INPUT RECORDS →
== Segment start ==
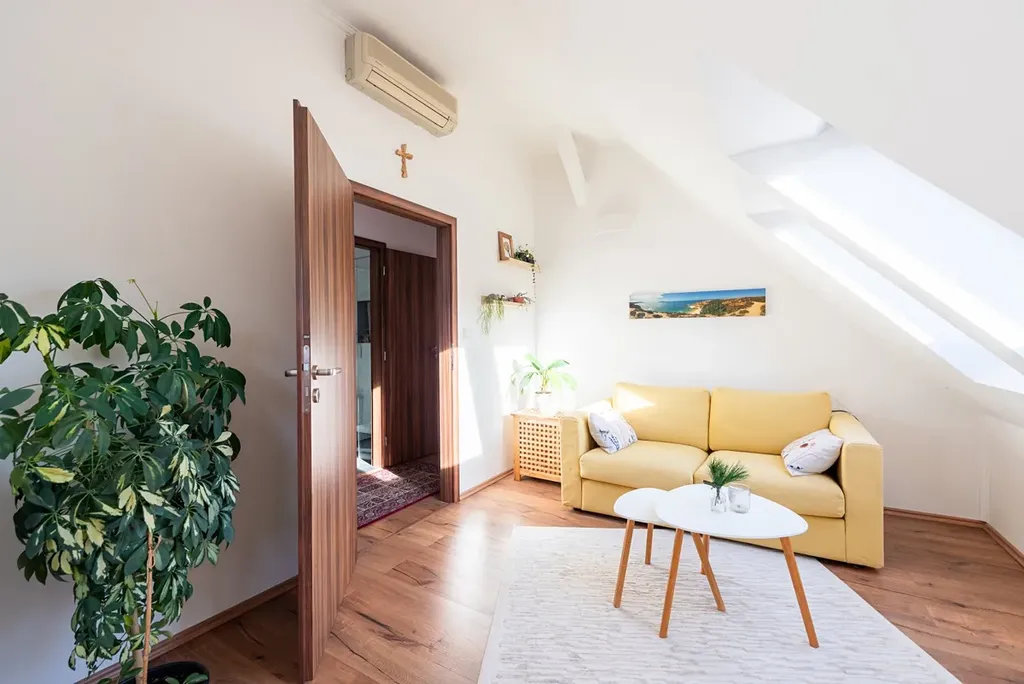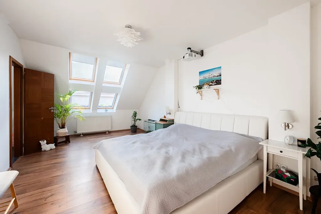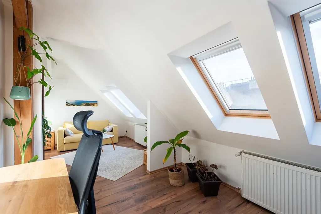 V nejvyšším patře domu budete bydlet v naprostém klidu, s krásným výhledem a příjemnou atmosférou, kterou dotvářejí velká dřevěná střešní okna i klimatizace zajišťující komfort v každém ročním období. Teplo i teplou vodu zajišťuje vlastní plynový kotel. Důležitou informací pro bydlení v posledním patře je také to, že střecha prošla v roce 2022 kompletní rekonstrukcí.
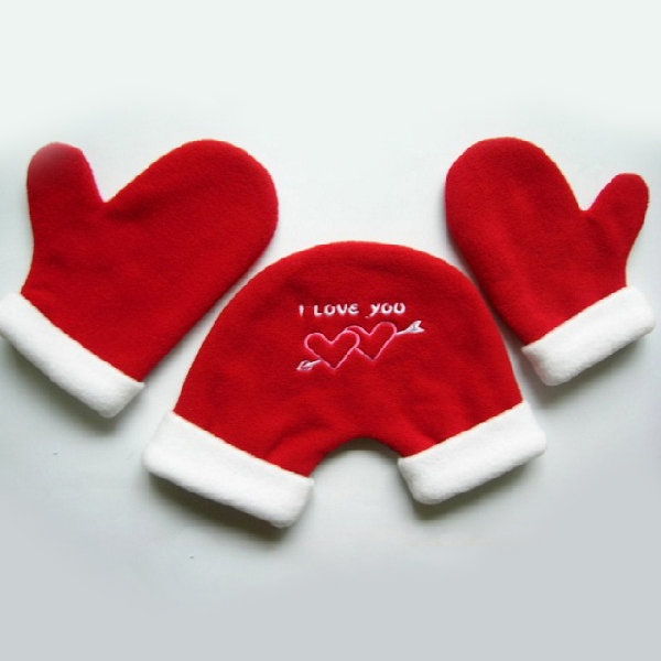 Fleece products are very soft and perfectly complement the casual style, adding brightness to it. Often, they are decorated with embroidery in the form of two hearts pierced with one arrow. Made in red with white fringe, they look like Santa Claus mittens.
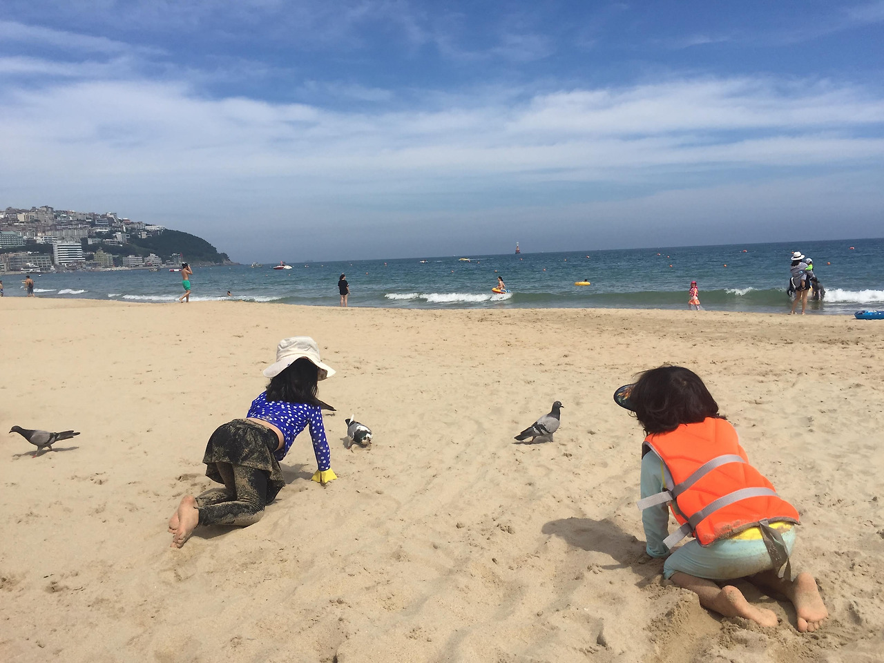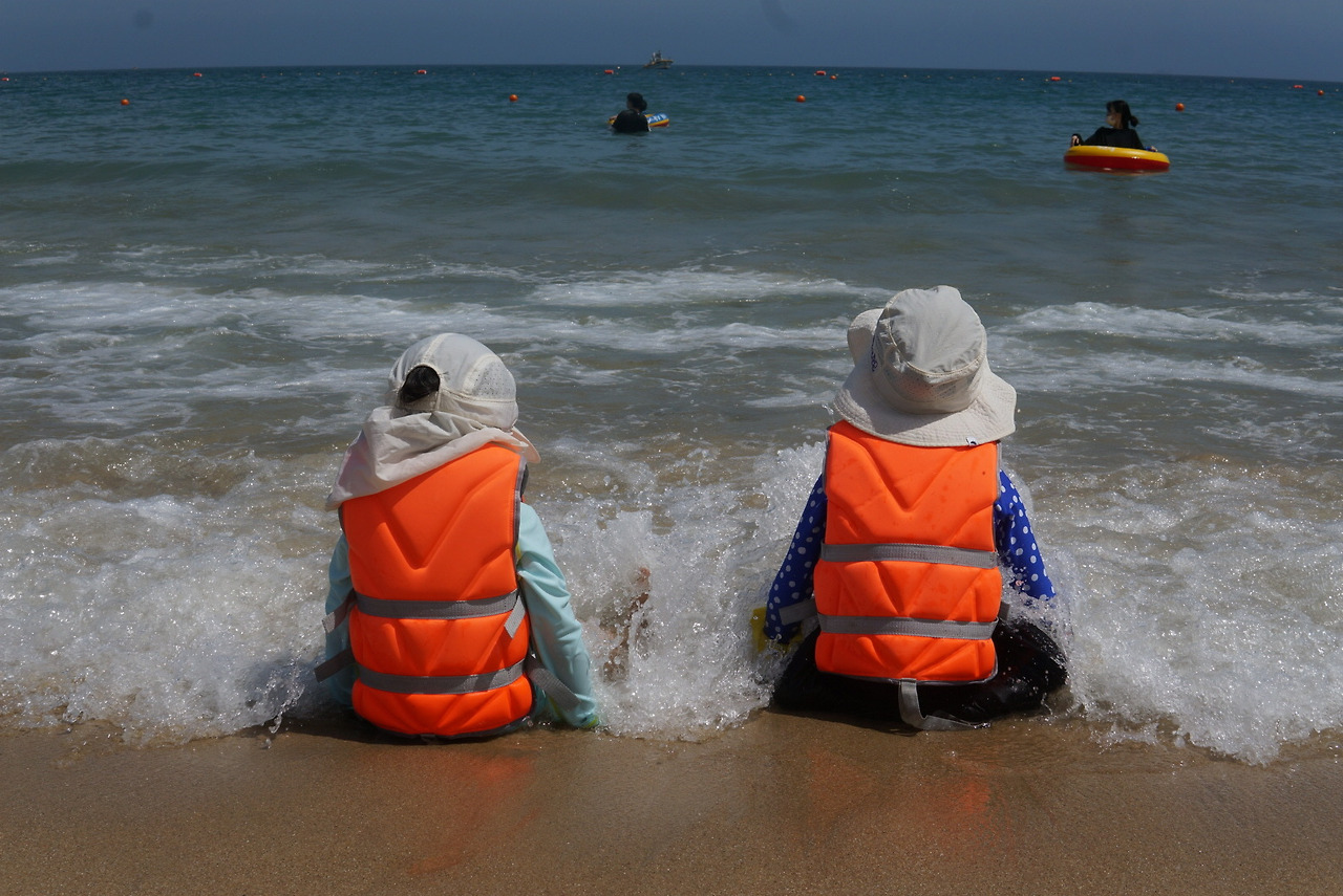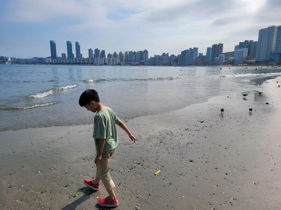 어이없지만 아직도 못 들어가 봤습니다. 해운대에 사는 친정 가족들 역시 부산 바다를 보기만 하지 좀처럼 들어가지 않습니다. 아이들이 태어나 여름마다 해운대나 송정 바다에 데려갔지만, 어쩌다 보니 엄마 역할만 하느라 정신이 없어 아이들만 파도에 앉혀두고 저는 사진만 찍고 있었네요.
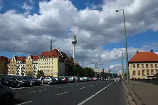 Mühlendamm (Mill Dam) is a major thoroughfare in the central Mitte district of Berlin, Germany. It runs from the historic Cölln and Fischerinsel quarters to the Molkenmarkt square of Alt-Berlin via the Mühlendammbrücke (Mill Dam Bridge) crossing the Spree river. Named after several watermills at the site, a historic causeway was first laid out at this location about 1200 and became the nucleus of the late medieval city foundation. The current prestressed concrete bridge was built in 1968. It is part of an east–west road link to Berlin's city centre and the Bundesstraße 1 highway.
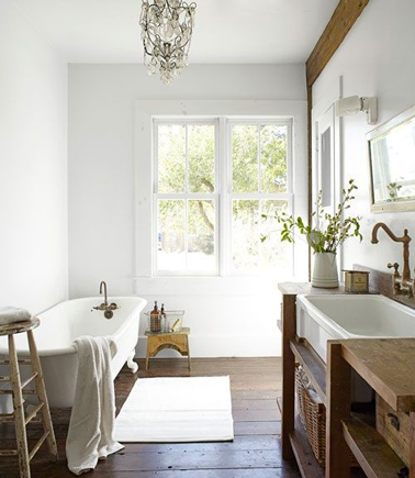 Le revêtement de sol idéal dans une salle de bain esprit rétro, c’est bien sûr le carrelage. Uni, posé en damier noir et blanc, ou avec des motifs dans les mêmes couleurs c’est le top. Autre style de carrelage compatible pour du rétro, la tomette, le carreaux de ciment à motifs. Un allié de choix pour créer une ambiance vintage, le parquet ! Si il est déjà dans la salle de bain, lui donner un petit coup de jeune peut être nécessaire mais après les réparations ou un ponçage éventuel. Ensuite vitrifier ou cirer le parquet dans une teinte foncée reste la seule chose à faire pour coller au style. Un tapis au centre de la pièce ou rapproché de la baignoire sera un petit plus si la surface de la pièce le permet.
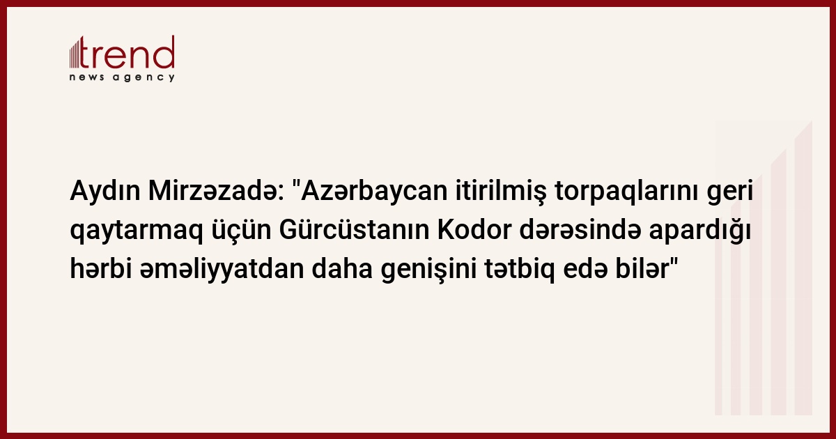 Azərbaycan itirilmiş torpaqlarını geri qaytarmaq üçün Gürcüstanın Kodor dərəsində apardığı hərbi əməliyyatdan daha genişini tətbiq edə bilər. Bu barədə Trend ə hakim Yeni Azərbaycan Partiyası (YAP) Siyasi Şurasının üzvü, millət vəkili, politoloq Aydın Mirzəzadə Gürcüstanın Kodor dərəsində apardığı hərbi əməliyyata münasibət bildirərəkən qeyd edib.
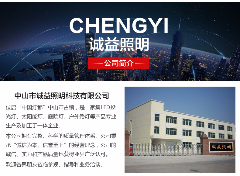 中山市诚益照明科技有限公司是一家集LED投光灯、太阳能灯、庭院灯、户外路灯等产品专业研发及生产销售于一体企业,坐落于中国灯都中山古镇,公司拥有完整、科学的质量管理体系,秉承“诚信为本、信誉至上”的经营理念,公司的诚信、实力和产品质量已获得业界广泛认可。欢迎各界朋友莅临参观、指导和业务洽谈。
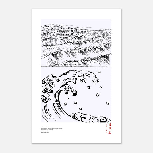 Explore the richness of Japanese art with this reproduction of drawing No. 16 from the final volume (下) of the Hamonshū , a reference collection created in 1903 by Mori Yūzan. The original title (波紋集), literally meaning "Collection of Wave Patterns," celebrates the elegance of fluid and harmonious forms inspired by water. Designed for artisans, this collection brings together a variety of motifs, from abstract ripples to compositions evoking landscapes, always expressing visual poetry and a keen sense of aesthetic balance.
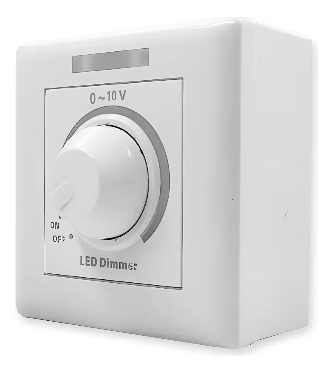 Dimmer analógico sobrepor com fácil instalação usado em corrente continua, fita led, lâmpadas, ventiladores e fontes dimerizáveis.
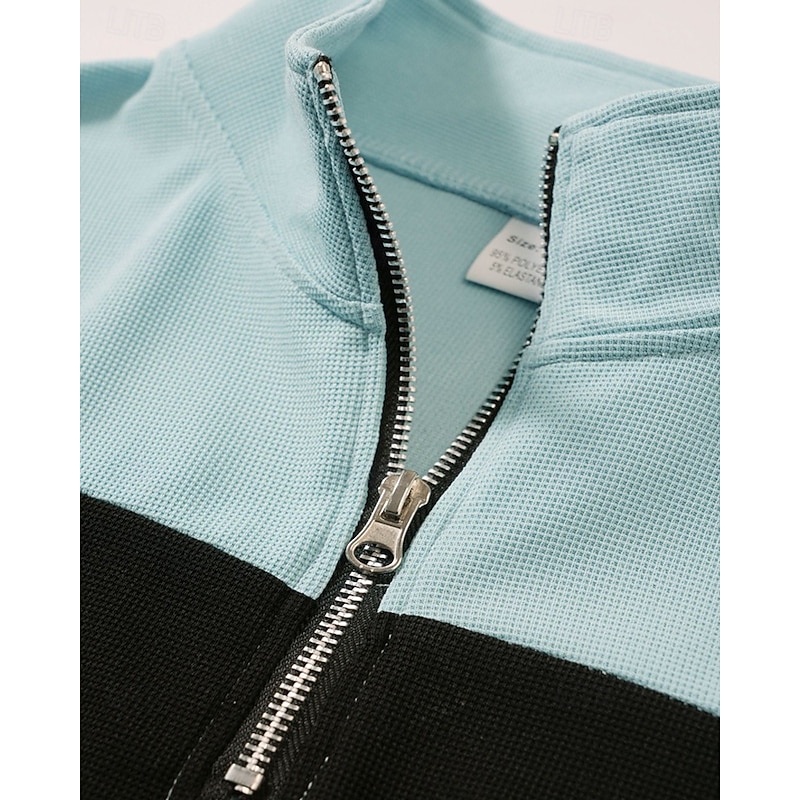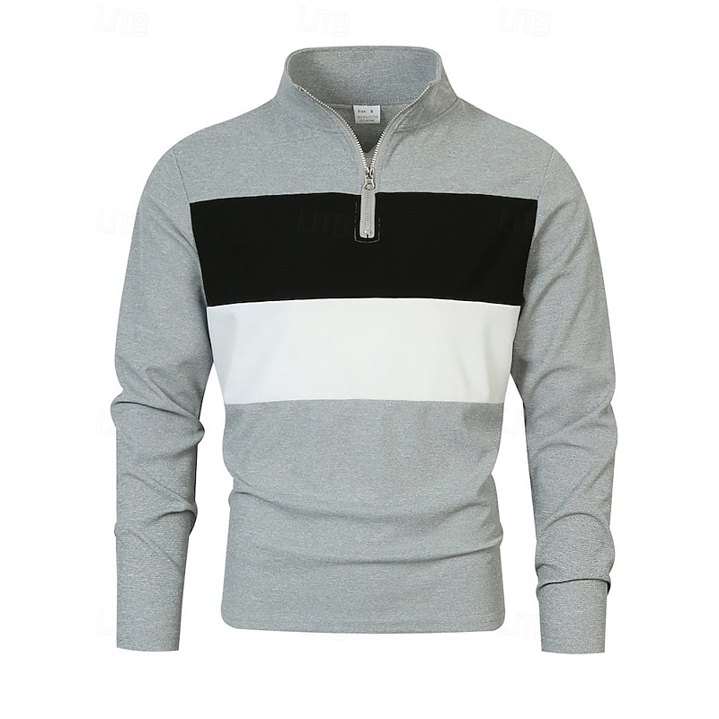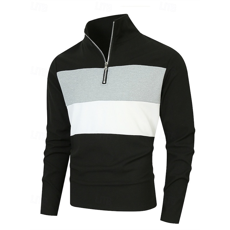 More information about Men's Polo Shirts Quarter Zip Polo Daily Wear Date Quarter Zip Long Sleeve Fashion Basic Color Block Patchwork Zipper Spring Fall Regular Fit Black White Navy Blue Gray Light Blue Polo Shirts
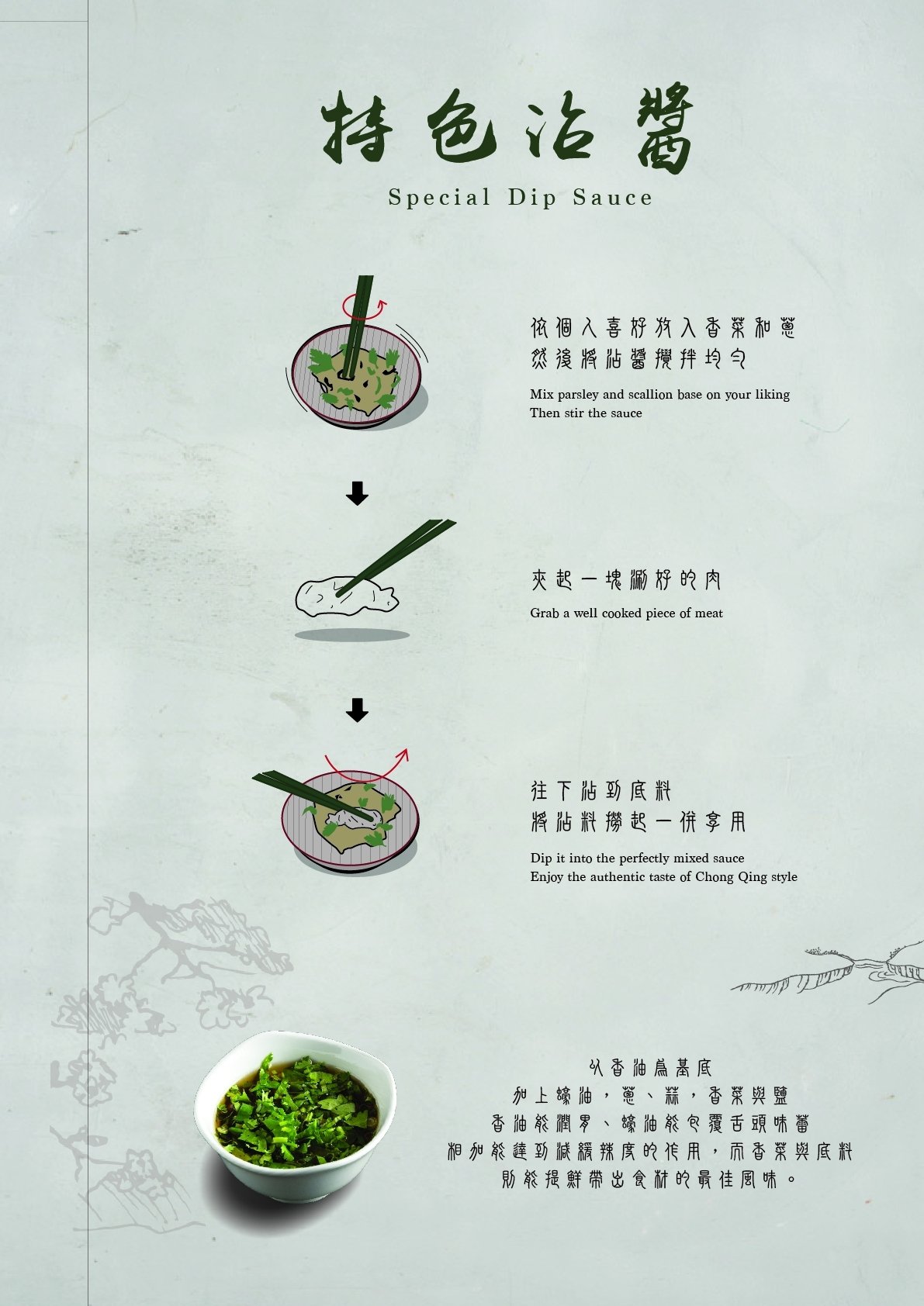 ▼服務人員會先示範如何搭配沾醬享用,首先先將沾醬攪拌均勻後,將肉片往下撈起底料,等到肉片都被沾醬包覆後、瀝乾香油就可以享用啦!
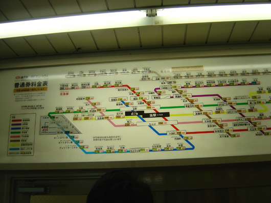 车票有一票到底的,就是买一张车票可以跨越任意个不同运营商的不同线路而不用更换车票。也可以按照自己的需要多买几次的分程票,当购买的票数超过10张,还可以选择“回数券”即赠票(买十赠一)。车票看起来是一张硬卡纸,但我想是磁信息记录,进站出站和换线路的时候检票机会确认其中的有效信息。且票价是根据路程的远近而变化,非北京地铁类似的一票制。有意思的是,有一次大家看到了一张票价图标注的从此站到各个站的价格时,发现了有蓝色和红色两种标注,仔细看英文的注释才知道,红色的是儿童票,基本上是蓝色成人票的半价。
== Segment end ==
PROBLEM DESCRIPTION → In the copy you return, include exactly the lines from the one containing "More information about" through the final line of the listing, and no pictures.

ANSWER FOR THE TASK →
 More information about Men's Polo Shirts Quarter Zip Polo Daily Wear Date Quarter Zip Long Sleeve Fashion Basic Color Block Patchwork Zipper Spring Fall Regular Fit Black White Navy Blue Gray Light Blue Polo Shirts
 ▼服務人員會先示範如何搭配沾醬享用,首先先將沾醬攪拌均勻後,將肉片往下撈起底料,等到肉片都被沾醬包覆後、瀝乾香油就可以享用啦!
 车票有一票到底的,就是买一张车票可以跨越任意个不同运营商的不同线路而不用更换车票。也可以按照自己的需要多买几次的分程票,当购买的票数超过10张,还可以选择“回数券”即赠票(买十赠一)。车票看起来是一张硬卡纸,但我想是磁信息记录,进站出站和换线路的时候检票机会确认其中的有效信息。且票价是根据路程的远近而变化,非北京地铁类似的一票制。有意思的是,有一次大家看到了一张票价图标注的从此站到各个站的价格时,发现了有蓝色和红色两种标注,仔细看英文的注释才知道,红色的是儿童票,基本上是蓝色成人票的半价。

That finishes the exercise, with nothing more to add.